Another key activity is testing in production-like environments. This means performing resiliency testing in these environments to observe how the system behaves in conditions that closely resemble the actual usage. In addition, reliability can greatly benefit from negative testing or chaos testing in these environments.
Finally, automated testing integration ensures that resiliency tests are well integrated into the automated testing framework and CI/CD pipelines. This ensures that resiliency testing becomes a routine part of the development and deployment process.
Operating a service reliably with velocity and scale requires automation. Using automation techniques like infrastructure-as-code (IaC) contributes to reliable services and better user experiences by reducing manual intervention, automating recovery processes, and enabling rapid and consistent responses to failures.
A business-critical application that is not well-designed for resiliency can have a significant negative impact on your business operations and your user experience.
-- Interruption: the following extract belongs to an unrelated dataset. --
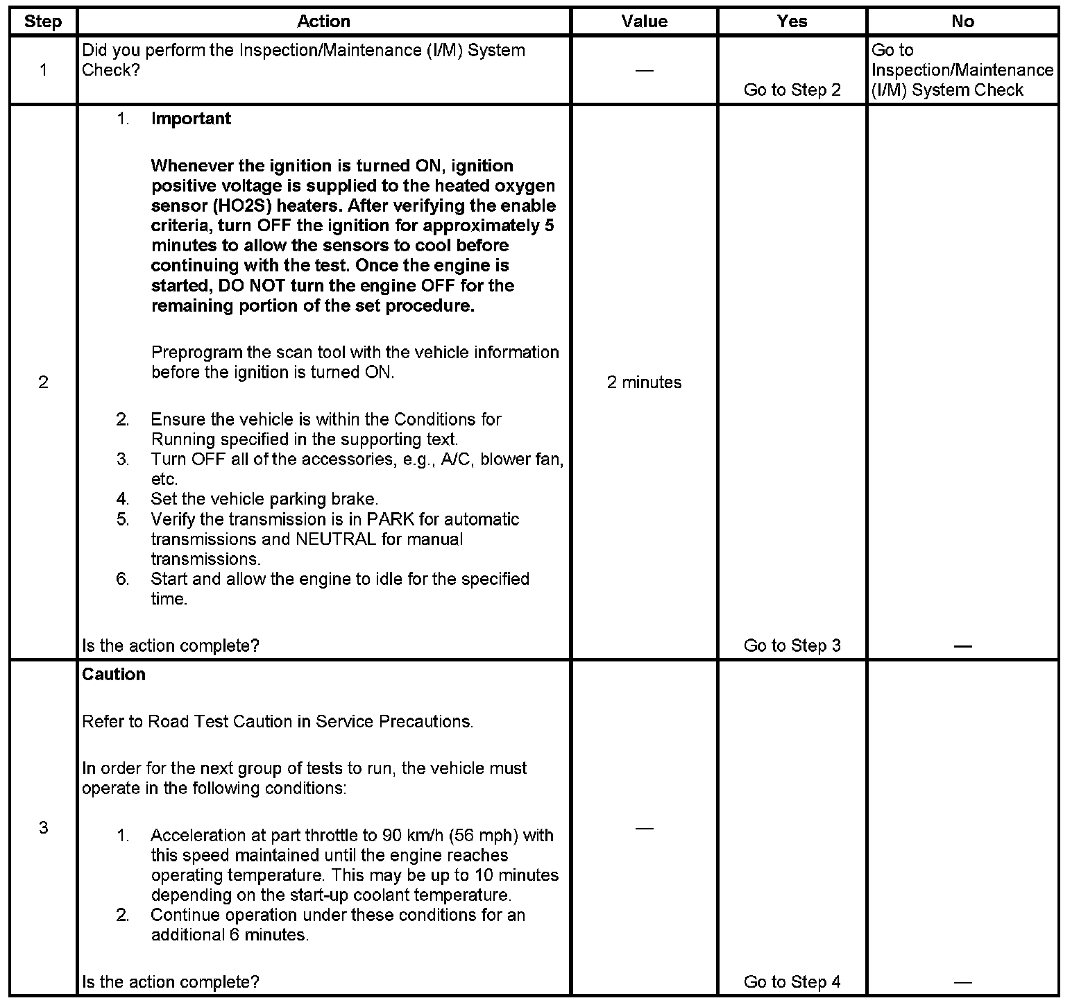 3. This step is to run the EVAP, AIR and the Oxygen Sensor Tests. The EVAP Test begins once the engine coolant reaches a calibrated temperature. The AIR Test, if equipped, begins shortly after Closed Loop and the indicated speed is achieved. The Oxygen Sensor Tests begin once the engine is at operating temperature, in Closed Loop fuel control, and a calibrated amount of time has elapsed.

Users expect services to perform well and always be available. When a system does not meet its reliability goals, it can lose the trust of stakeholders and potentially cause financial and reputational loss for your organization. Examples of negative user impact include "my package did not arrive today," "we cannot fuel the aircraft because the fueling system is not available," or even worse.
The following best practices are intended to help you design resilient systems:
Application resiliency
Reliability can't be added to a built system. The system and its components must be designed and implemented with reliability in mind. It's a shared responsibility by everyone who contributes to the software development lifecycle, including the architect, the product owner, the DevOps engineer, and the site reliability engineer.
To implement reliability into a software component, you can use the key architectural patterns. There are several important patterns and techniques that you need to understand to build reliable applications which are described next. You don't need to use every tool, but you need to know which tools are available and which tool is right for a task.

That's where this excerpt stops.